Exhibition and publication organized by Pamela Franks, the Florence B. Selden Fellow of Prints, Drawings, and Photographs. Supported by the Florence B. Selden Endowment and donations from Mrs. John Stephan, Ms. Susan Morse Hilles, and an anonymous donor.

The 1948 Directors of the Société Anonyme Exhibition
January 29–March 30, 2002

This is a re-creation of an exhibition of paintings and sculpture by the directors of the Société Anonyme held at the Yale University Art Gallery in 1948, in celebration of the seventieth birthday of the artist-collector Katherine Dreier. It includes work by Dreier, Marcel Duchamp, and Man Ray, all founders of the collection, as well as Henry Campendonck, Naum Gabo, and Wassily Kandinsky.

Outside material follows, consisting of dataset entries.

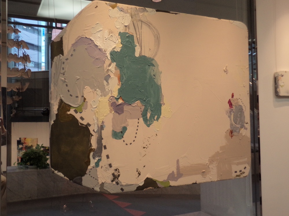 タシロさんご本人の説明の後、この絵のモチーフについてお尋ねしてみました。最初のころは古びた靴やバッグなどをモチーフにして描いていたのですが、だんだんと抽象化されていって、具体的な物ではなくなっていったのだそうです。とはいえ、抽象化された後も、依然として使い古されたものへの愛着を表現したいという気持ちは変わらないそうで、タイトルの”relationship”には、持ち主と物との関係、という意味もあるそうです。作品の厚みは物の存在感や物質感を強調するのに役立っているようです。鮮やかな原色ではなく、中間色を使っているのもそのため。角が丸くなっているのも、使っているうちに、だんだんと丸みを帯びてくる様子を表現したいのだそうです。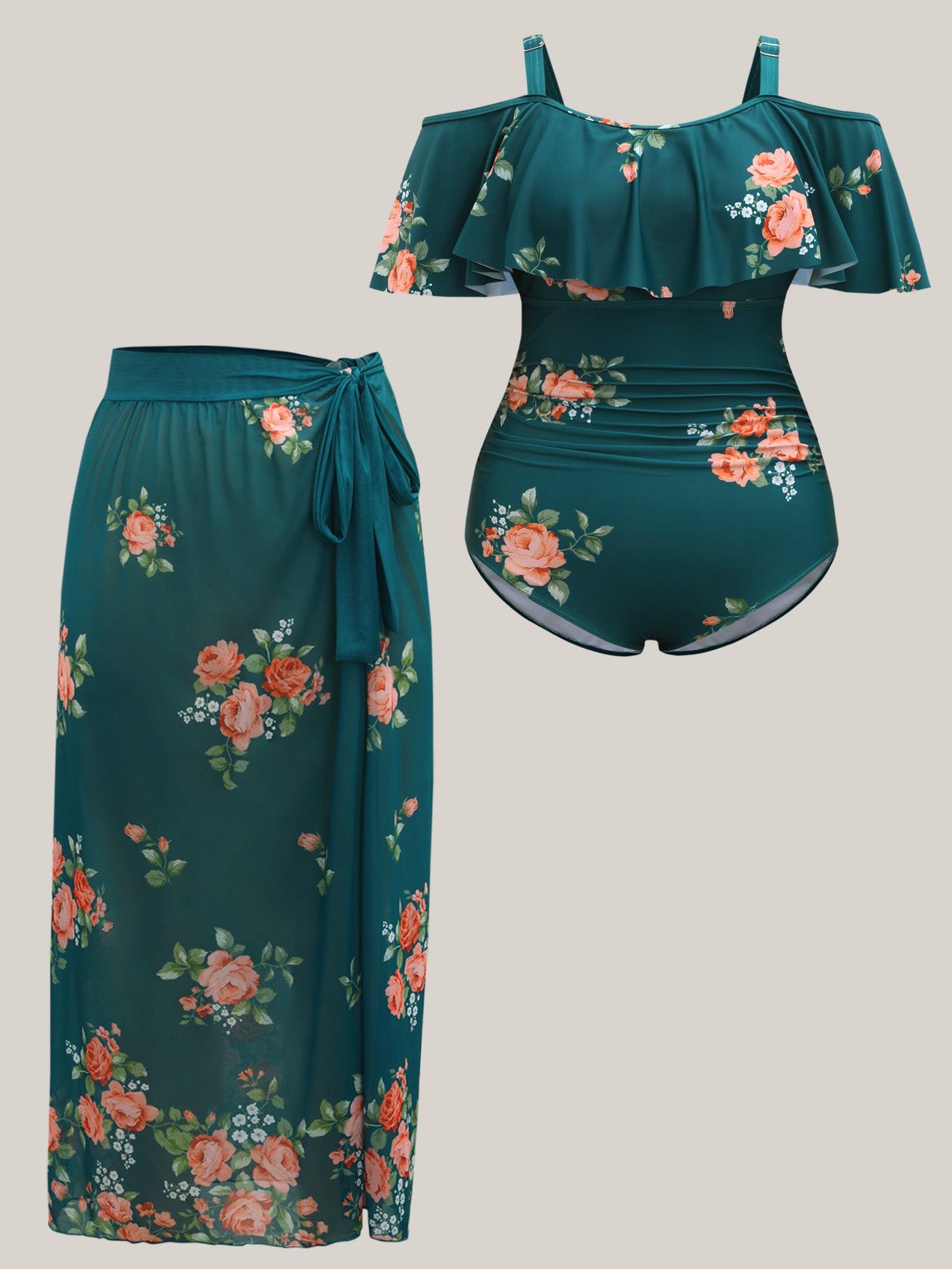 Two-Piece Floral Ruffled Knotted One-Piece, Sarong Female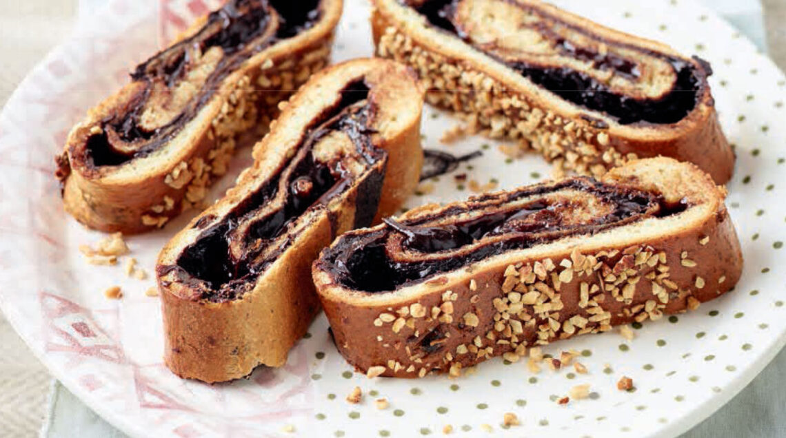 6) Arrotola delicatamente la pasta dal lato lungo formando un cilindro. Sistemalo su una placca, lasciandolo sulla carta, copri con un panno e fai lievitare per 30 minuti. Inforna a 190° per 25 minuti circa. Sforna, spennella il tronchetto con il mix di malto e acqua rimasto e cospargi con la granella di nocciole.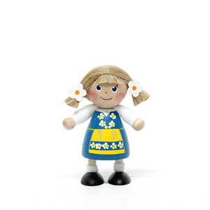 ☆個体によって表情が異なります☆ ☆※画像の個体は目が大きいですが、小さな目の個体も沢山あります☆ ☆スカートの絵付けが6枚目の画像のように変更されています☆ 北欧らしいモチーフのミニ・ドールたち。 木とフェルト素材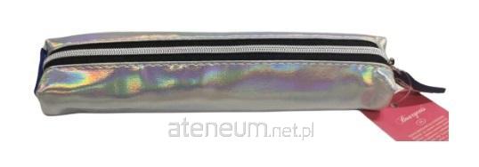 Błyszczący mały piórnik z jedną komorą, zamykany na zamek.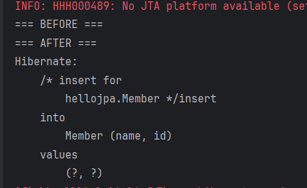 출력 결과를 보면 Before와 After사이에 아무것도 없고 After 이후에 insert된 것을 볼 수 있다. persist를 한다고 해서 DB에 저장된 것이 아니라 DB 이후에 커밋해야 저장된다.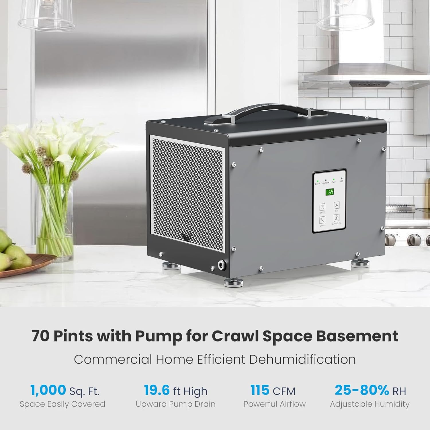 BaseAire70 Pints Crawl Space Dehumidifier with Pump for Commercial with Hanging Kit and Remote Controller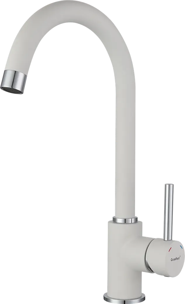 Поверхность смесителя окрашена в цвета мраморных моек GranFest. Изящный и надёжный смеситель прекрасно впишется в интерьер любой современной кухни. Смеситель оснащен: - керамическим картриджем, диаметром 35 мм; - гибкой подводкой на 60см. Вращение излива позволит Вам удобно располагать его во время мойки посуды. в излив смесителя уже установлен аэратор, это экономит воду во время мытья, и сохраняет тишину.

Organized by Jennifer Gross, the Seymour H. Knox, Jr., Curator of European and Contemporary Art. Supported by a challenge grant from the National Endowment for the Arts and The Robert Lehman Exhibition and Publication Fund.
Art for All Seasons: Asian Art at Yale
January 23–September 1, 2002

This exhibition showcases such recent acquisitions as a Jain stele, a section of a Chinese temple wall painting, and a Japanese lacquer box, as well as a wide range of objects from the permanent collection. While the focus is primarily on Chinese and Japanese art, South Asian cultures are also represented.

Organized by David Sensabaugh, Curator, and Sadako Ohki, Assistant Curator of Asian Art.